Action space in RL can be discrete or continuous; however, value-based methods, like Q-learning, SARSA and DQN, are unable to deal with continuous RL problem with continuous action space, since curse of dimensionality will be a big issue hewn we build the Q-table or DNN model.

Policy gradient parameterize the policy and estimate the gradient of cumulative rewards with respect to he policy parameters. Gradient is used directly to ptimize the policy by updating the parameters. So by policy gradient, even we don't know the number available actions or action space is continuous, we still can modelize RL problem and overcome the curse of dimensionality, which enables better efficiency and more flexible exploration.

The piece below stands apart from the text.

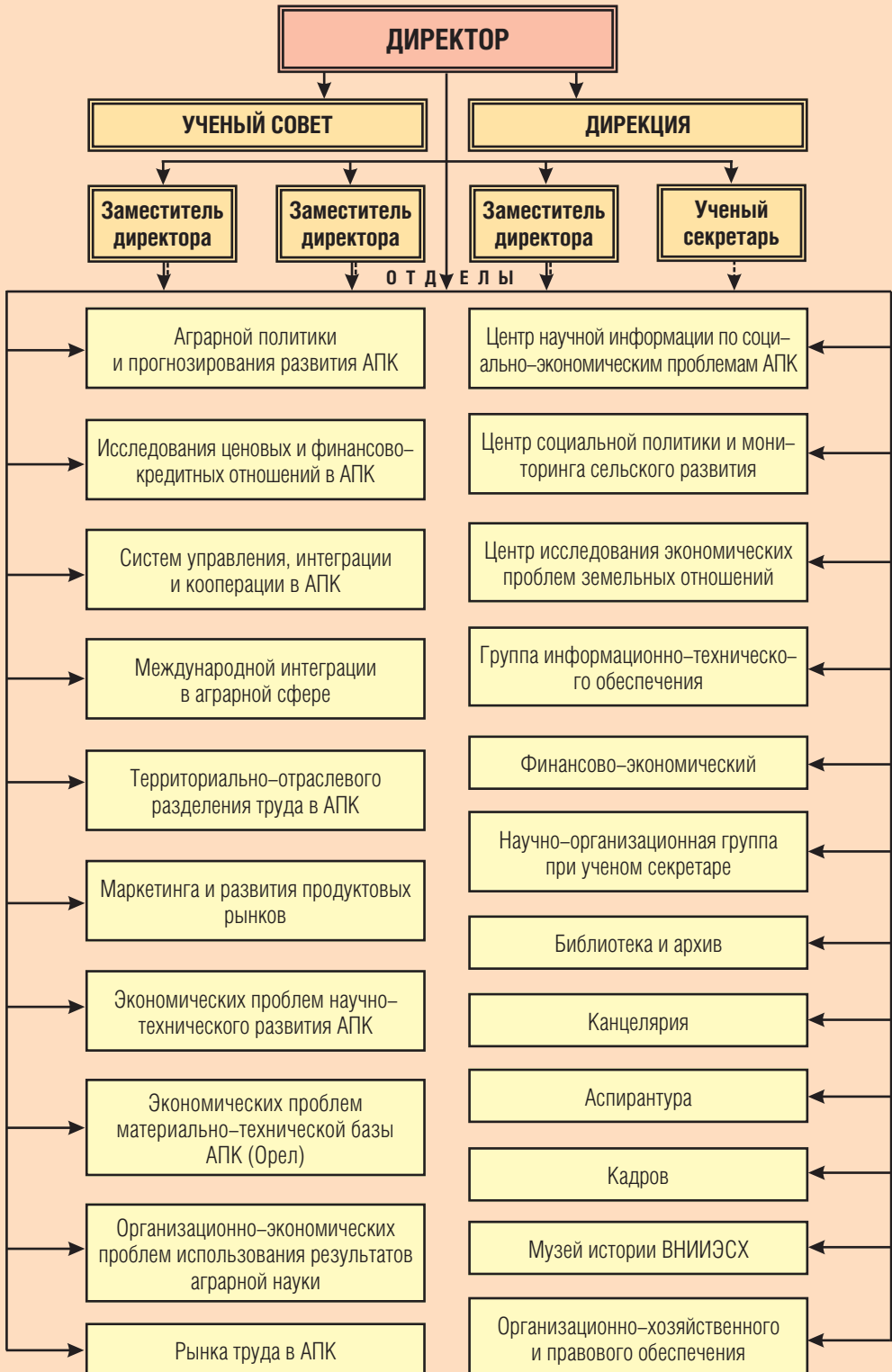
Организационная структура Всероссийского научно-исследовательского института экономики сельского хозяйства

Policy gradient is also a basis of RLHF (Reinforcement Learning using Human Feedback) method, which contributes a lot to AI chatbot.

### **Deterministic / Stochastic policy**

Given a observation:

* **Deterministic policy** will bring a specific action to take.

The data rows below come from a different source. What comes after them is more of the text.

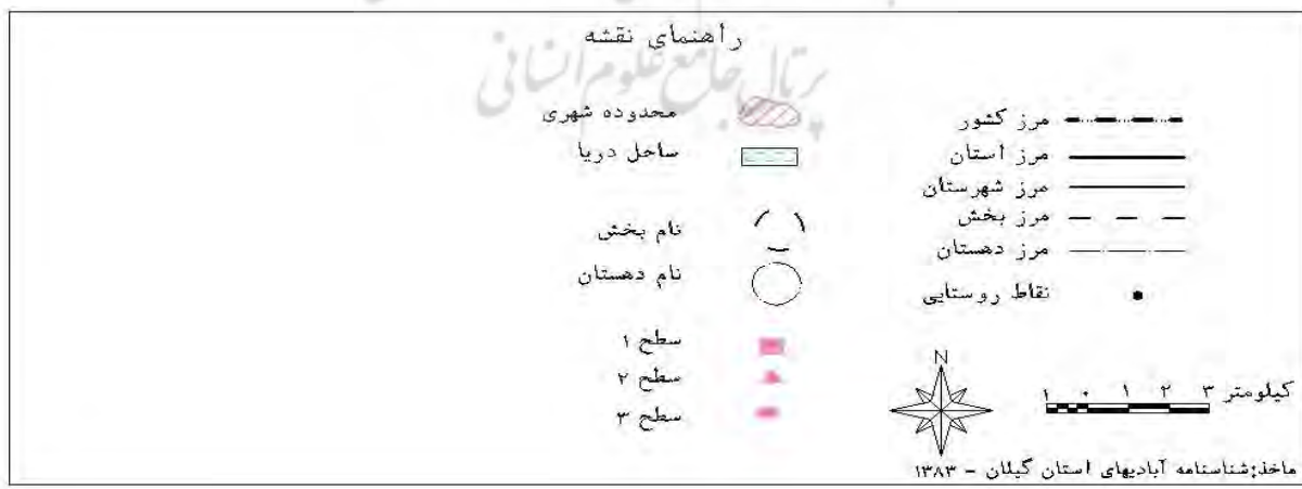
نقشه ۱: سطح بندی روستاهای شهرستان آستارا به روش موریس
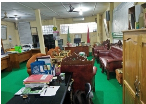
Gambar 1.5 Kantor pengurus pondok pesantren Darussalam Martapura
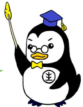
更生ペンギンのホゴちゃん

法教育の一環として、保護観察官や保護司による出前授業も可能です。詳細は、最寄りの保護観察所にお問い合わせください。

* **Stochastic policy** will give a probabiliy distribution that tell you the probability to that each action.

When using stochastic policy, the same observation can lead to take different action in different iterations, which improves the ability to explore the action space and avoid trapping in local optma.

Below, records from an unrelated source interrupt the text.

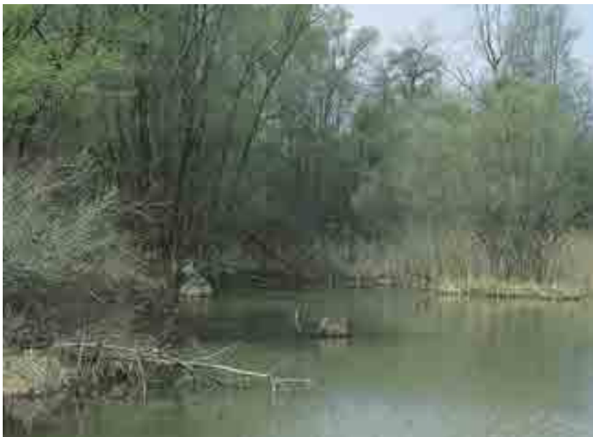
Weiche Au am Unteren Inn

1998 startete das EU-LIFE-Natur-Projekt „Unterer Inn mit Auen“, das von Bayern und Oberösterreich gemeinsam getragen und abgewickelt wird. Die grenzübergreifende Idee von Natura 2000 kann hier modellhaft verwirklicht werden, denn Ökosysteme über politische Grenzen hinweg zu managen und in engster Kooperation zu verwalten ist ein neues Ziel.
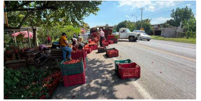
Accidente dejó pérdidas materiales y movilizó a cuerpos de emergencia

De manera preliminar, las autoridades señalaron que el accidente se habría originado por un ligero roce entre ambas unidades. No obstante, indicaron que será el peritaje el que determine las causas y responsabilidades del hecho. Los daños materiales fueron considerados menores.
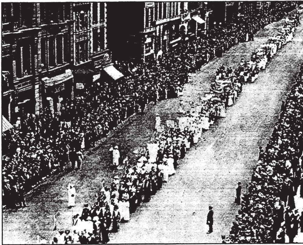
Sous: Miles Harvey, Women's Voting Rights , Children's Press

Ni gason, ni fanm te mache nan parad oswa pote pankat. Gen anpil moun ki te ale nan parad sa yo.
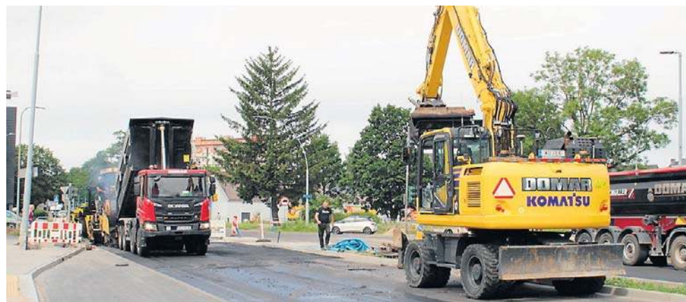
FOT. KEWIN HENDZEL

Inwestycja jest finansowana w 95 proc. z Rządowego Funduszu Polski Łąd, natomiast wkład własny miasta wynosi około 5 proc. ©
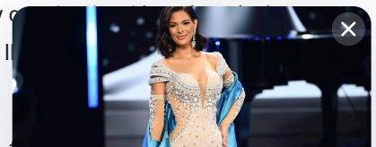
TELEGUÍA FARÁNDULA TELEGUÍA FARÁNDULA VIVA Sheynnis Palacios, actual Miss Universo, visitará Costa Rica el 27 de febrero
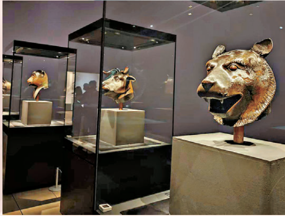
●《國寶歸來》集結多尊圓明園獸首，其中4尊為原件。

Policy gradient tends to use stochastic policy, let agent to choose an action by sampling from action probility distribution, which conbine exploration and exploitation.

### **Terminology of policy gradient**

* $\pi_{\theta}$ is a policy with parameter set $\theta$, usualy $\theta$ represent the weights of neural network that model the policy.

* $\tau$ represents a trajectory which refers to a state set from initial state to terminal state.

* $J(\theta)$ represents the expected return when following the policy $\pi_{\theta}$. This is also an obective function for policy gradien ascent.

* $R(\tau)$ refers to the total reward over trajectory $\tau$.

## **Policy update**

As mentioned in above part, we can get a function like,     

$$J(\theta)=E_{\tau\sim\pi_{\theta}}[R(\tau)]=E_{\tau\sim\pi_{\theta}}[\sum_{t=1}^{T}r(s_t,a_t)]$$

Assumed that there are $N$ sampled trajectory, the objective function can be expressed as,  

$$J(\theta)=E_{\tau\sim\pi_{\theta}}[\sum_{t=1}^{T}r(s_t,a_t)]\approx\frac{1}{N}\sum_{i=1}^{N}\sum_{t=1}^{T}r(s_t,a_t)$$

The goal of polcy update is to finc the opimal parameters $\theta$,   

$$\theta^{*}=\text{arg}\max_{\theta}E_{\tau\sim\pi_{\theta}}[\sum_{t=1}^{T}r(s_t,a_t)]$$

To optimize the objective function, we need get the differential of the objective function with respect to $\theta$   

$$\nabla_{\theta}J(\theta)=\nabla_{\theta}E_{\tau\sim\pi_{\theta}}[\sum_{t=1}^{T}r(s_t,a_t)]$$

And the expected return can be expressed as $\sum_{\tau}P(\tau|\theta)R(\tau)$ for discrete case, and $\int_{\tau}P(\tau|\theta)R(\tau)$ for continuous case, so the differential of the objective function can be rewritten as,   

$$\nabla_{\theta}J(\theta)=\nabla_{\theta}\sum_{\tau}P(\tau|\theta)R(\tau)$$  
or  
$$\nabla_{\theta}J(\theta)=\nabla_{\theta}\int_{\tau}P(\tau|\theta)R(\tau)$$

If breaking down the probability of a trajectory into the transition from inital state to terminal state, we can get the following equation,  

$$P(\tau|\theta)=\rho_0(s_0)\prod_{t=1}^{T}P(s_{t+1}|s_t,a_t)\pi_{\theta}(a_t|s_t)$$

For simplier calculation, we take the logarithm on both sides of the above equation,    

$$\log(P(\tau|\theta))=\log{\rho_0(s_0)}+\sum_{t=1}^{T}[\log(P(s_{t+1}|s_t,a_t))+\log(\pi_{\theta}(a_t|s_t))]$$

$$\nabla_{\theta}\log(P(\tau|\theta))=\nabla_{\theta}\log{\rho_0(s_0)}+\nabla_{\theta}\sum_{t=1}^{T}[\log(P(s_{t+1}|s_t,a_t))+\log(\pi_{\theta}(a_t|s_t))]$$

$$\nabla_{\theta}\log(P(\tau|\theta))=\nabla_{\theta}\sum_{t=1}^{T}[\log(\pi_{\theta}(a_t|s_t))]$$

So the differential of objective function can be rewritten again as,    

$$\nabla_{\theta}J(\theta)=E_{\tau\sim\pi_{\theta}}[(\sum_{t=1}^{T}\nabla_{\theta}log(\pi_{\theta}(a_t|s_t)))(\sum_{t=1}^{T}r(s_t,a_t))]\approx\frac{1}{N}\sum_{i=1}^{N}[\sum_{t=1}^{T}\nabla_{\theta}log(\pi_{\theta}(a_t|s_t))]{\sum_{t=1}^{T}r(s_t,a_t)}$$

With the differntial of objective funtion, we can update policy parameters $\theta$ by, 

$$\theta_{t+1} \leftarrow \theta_{t}+\alpha\nabla_{\theta}J(\pi_{\theta})|_{\theta_{t}}$$


where $t$ is iteration count, $\alpha$ is learning rate.